ABOUT THIS EXERCISE: Leaving out all pictures, write out word for word the lines from the one containing "Sterling silver ring" to the end of the data below.

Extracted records
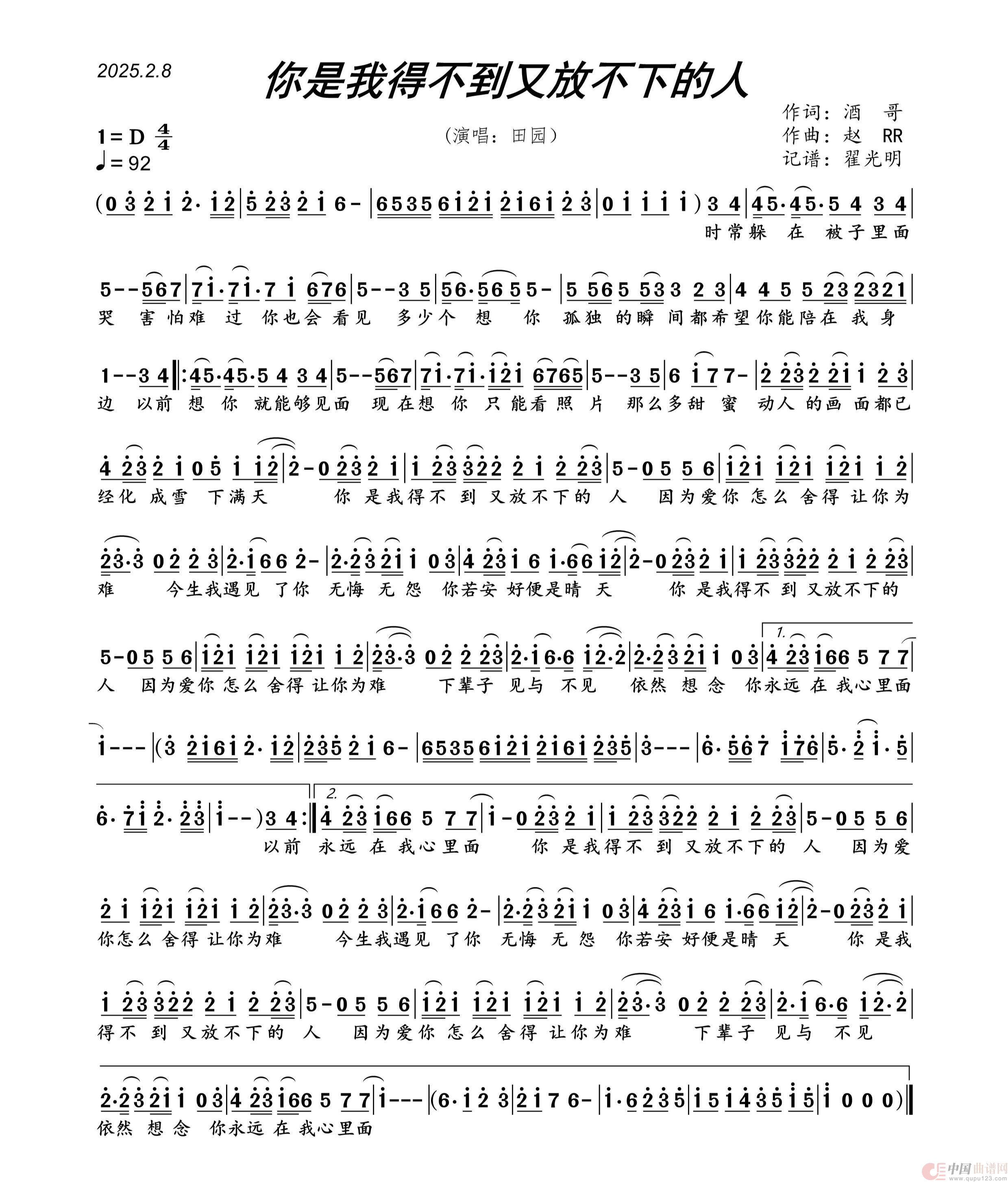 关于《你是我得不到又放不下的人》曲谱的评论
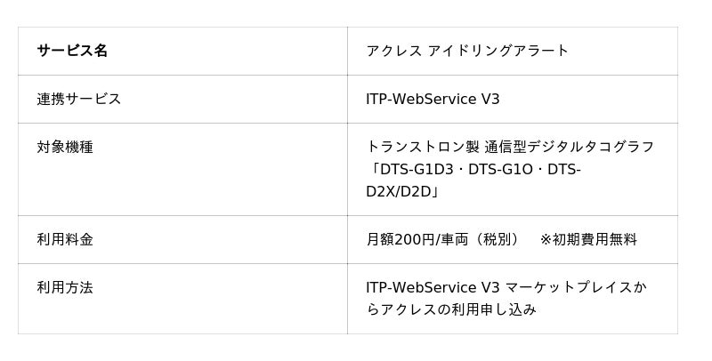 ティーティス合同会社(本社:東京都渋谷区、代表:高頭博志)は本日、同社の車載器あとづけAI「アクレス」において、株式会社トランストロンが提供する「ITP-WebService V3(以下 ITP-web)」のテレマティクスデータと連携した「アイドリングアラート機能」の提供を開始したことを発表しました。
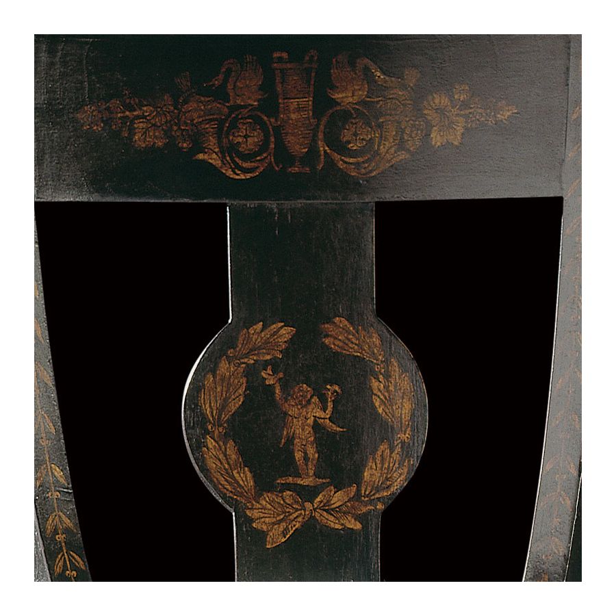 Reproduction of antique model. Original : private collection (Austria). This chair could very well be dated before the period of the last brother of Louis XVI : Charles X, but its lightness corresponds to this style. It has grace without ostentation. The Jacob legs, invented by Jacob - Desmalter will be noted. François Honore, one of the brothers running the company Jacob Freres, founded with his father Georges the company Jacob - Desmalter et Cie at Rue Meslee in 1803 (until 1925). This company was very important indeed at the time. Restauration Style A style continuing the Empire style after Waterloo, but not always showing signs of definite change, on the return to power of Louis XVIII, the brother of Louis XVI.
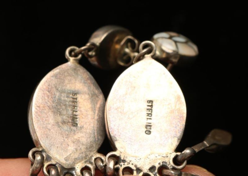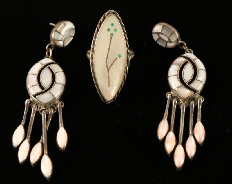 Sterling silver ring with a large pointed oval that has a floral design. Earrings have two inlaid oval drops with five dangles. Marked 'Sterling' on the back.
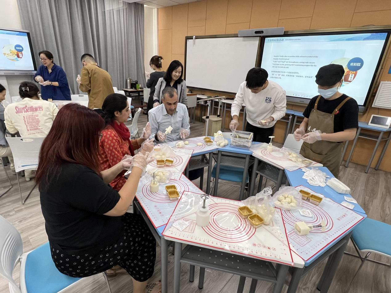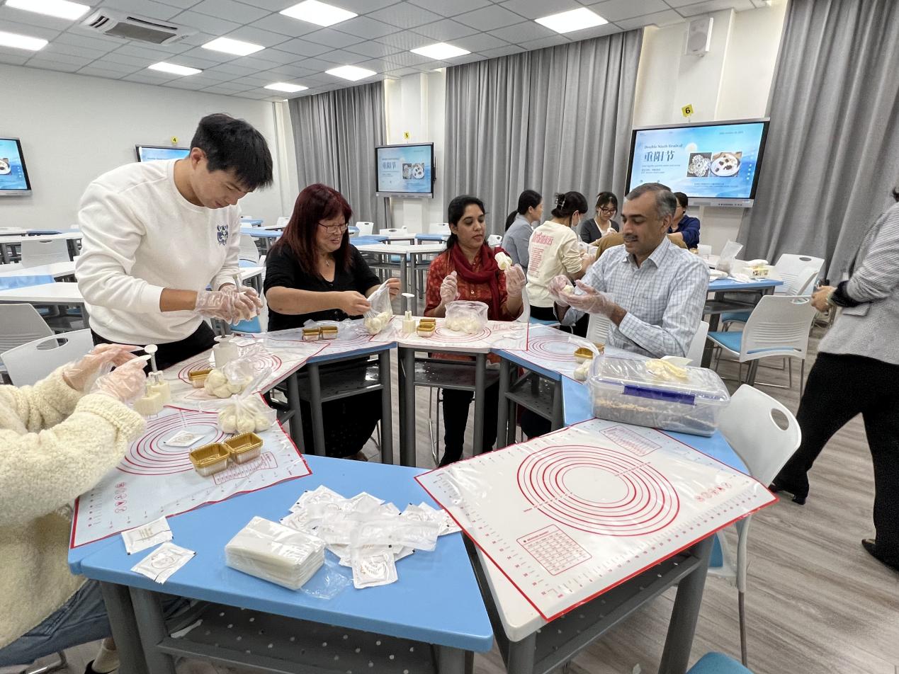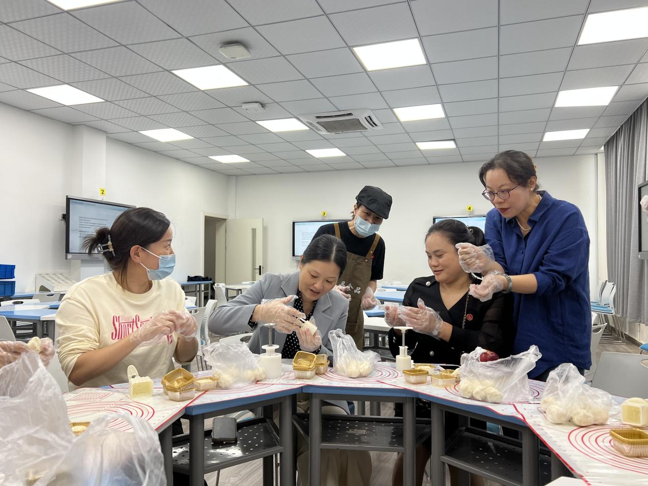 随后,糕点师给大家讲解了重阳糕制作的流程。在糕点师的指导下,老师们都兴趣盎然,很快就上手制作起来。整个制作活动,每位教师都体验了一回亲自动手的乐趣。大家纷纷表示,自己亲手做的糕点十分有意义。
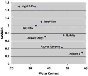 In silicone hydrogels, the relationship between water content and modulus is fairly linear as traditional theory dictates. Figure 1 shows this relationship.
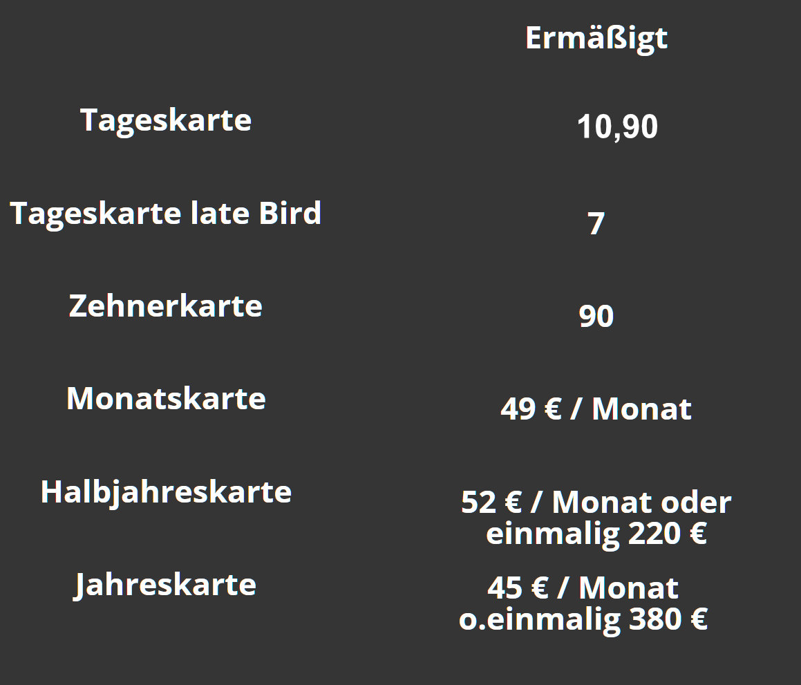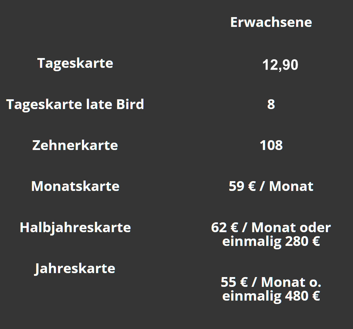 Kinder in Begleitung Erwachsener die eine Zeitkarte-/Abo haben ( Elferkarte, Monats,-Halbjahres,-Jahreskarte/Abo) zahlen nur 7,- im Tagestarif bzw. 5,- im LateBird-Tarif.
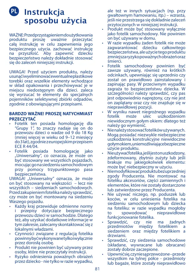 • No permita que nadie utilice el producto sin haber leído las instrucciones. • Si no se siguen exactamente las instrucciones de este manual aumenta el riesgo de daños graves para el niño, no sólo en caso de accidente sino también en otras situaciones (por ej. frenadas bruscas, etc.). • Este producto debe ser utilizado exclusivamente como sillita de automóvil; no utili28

YOUR SOLUTION:
 Sterling silver ring with a large pointed oval that has a floral design. Earrings have two inlaid oval drops with five dangles. Marked 'Sterling' on the back.
 随后,糕点师给大家讲解了重阳糕制作的流程。在糕点师的指导下,老师们都兴趣盎然,很快就上手制作起来。整个制作活动,每位教师都体验了一回亲自动手的乐趣。大家纷纷表示,自己亲手做的糕点十分有意义。
 In silicone hydrogels, the relationship between water content and modulus is fairly linear as traditional theory dictates. Figure 1 shows this relationship.
 Kinder in Begleitung Erwachsener die eine Zeitkarte-/Abo haben ( Elferkarte, Monats,-Halbjahres,-Jahreskarte/Abo) zahlen nur 7,- im Tagestarif bzw. 5,- im LateBird-Tarif.
 • No permita que nadie utilice el producto sin haber leído las instrucciones. • Si no se siguen exactamente las instrucciones de este manual aumenta el riesgo de daños graves para el niño, no sólo en caso de accidente sino también en otras situaciones (por ej. frenadas bruscas, etc.). • Este producto debe ser utilizado exclusivamente como sillita de automóvil; no utili28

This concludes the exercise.